Data below below:

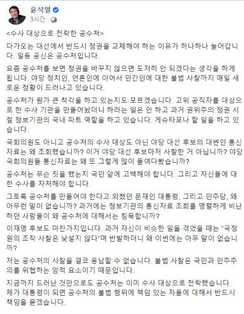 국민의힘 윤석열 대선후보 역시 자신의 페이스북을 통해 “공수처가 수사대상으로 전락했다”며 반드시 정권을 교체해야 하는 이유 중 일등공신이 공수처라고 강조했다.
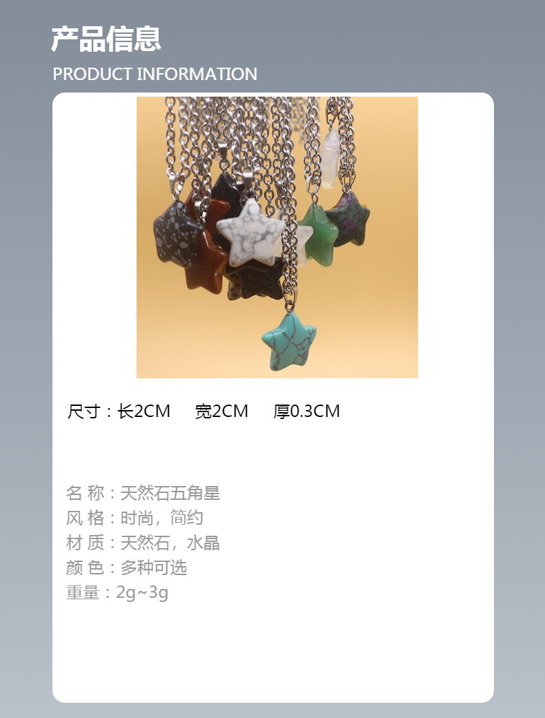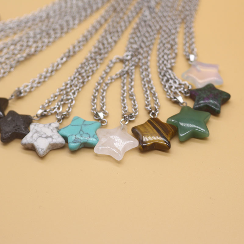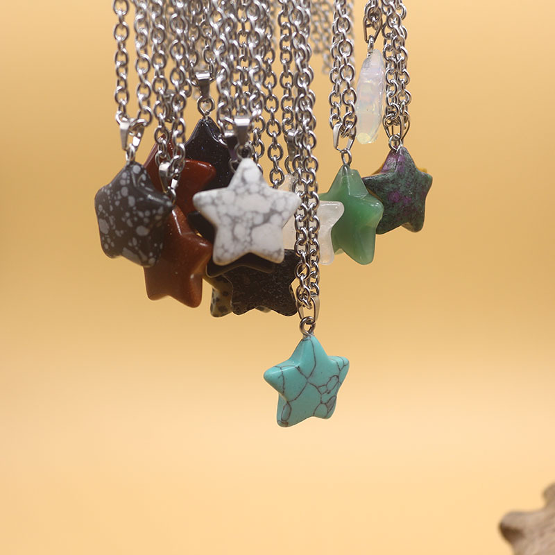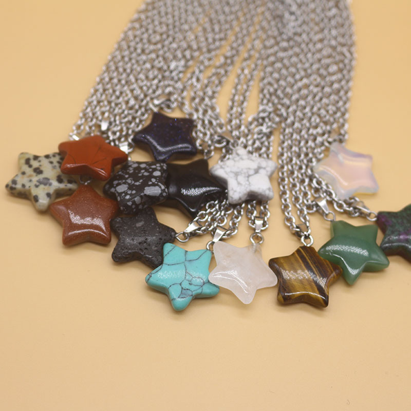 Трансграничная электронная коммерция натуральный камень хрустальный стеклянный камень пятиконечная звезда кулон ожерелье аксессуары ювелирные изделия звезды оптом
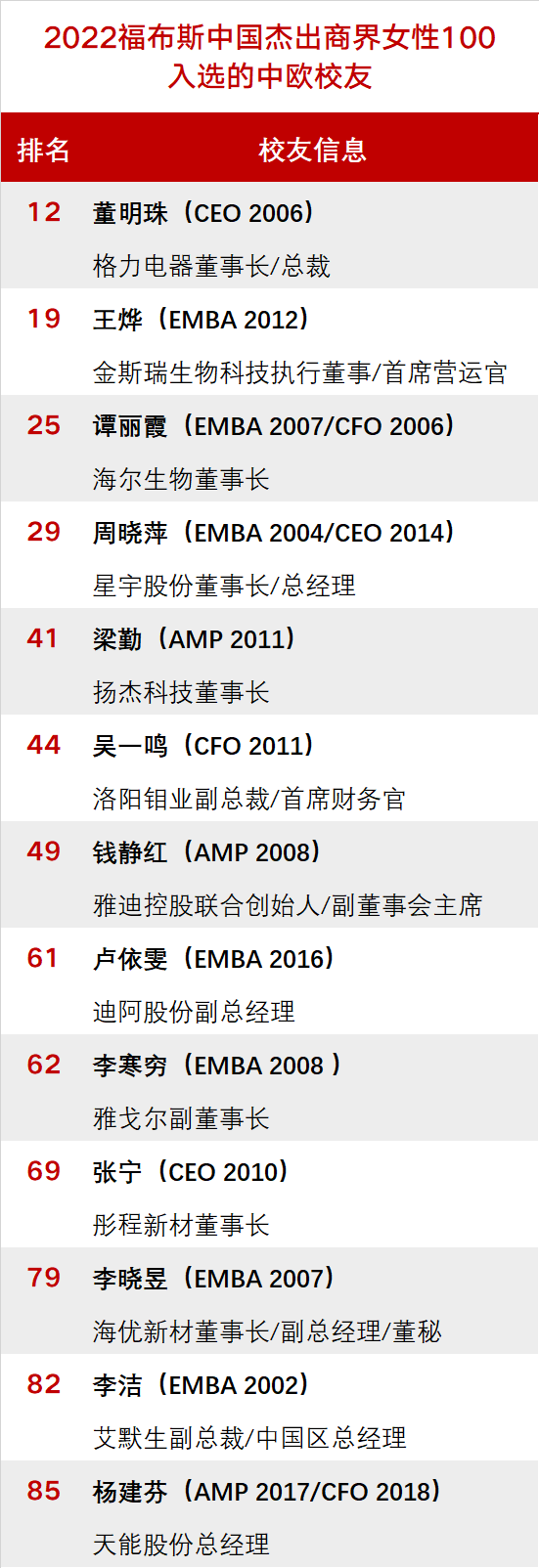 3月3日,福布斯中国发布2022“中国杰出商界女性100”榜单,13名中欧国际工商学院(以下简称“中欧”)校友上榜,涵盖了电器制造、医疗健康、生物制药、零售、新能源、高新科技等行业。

End of Data below.

> _Your assignment_:
Reproduce the lines above, exactly and exclusively, from the line containing "Трансграничная электронная коммерция" down to the last line, both included; pictures are not part of the copy.

> _Written response_:
 Трансграничная электронная коммерция натуральный камень хрустальный стеклянный камень пятиконечная звезда кулон ожерелье аксессуары ювелирные изделия звезды оптом
 3月3日,福布斯中国发布2022“中国杰出商界女性100”榜单,13名中欧国际工商学院(以下简称“中欧”)校友上榜,涵盖了电器制造、医疗健康、生物制药、零售、新能源、高新科技等行业。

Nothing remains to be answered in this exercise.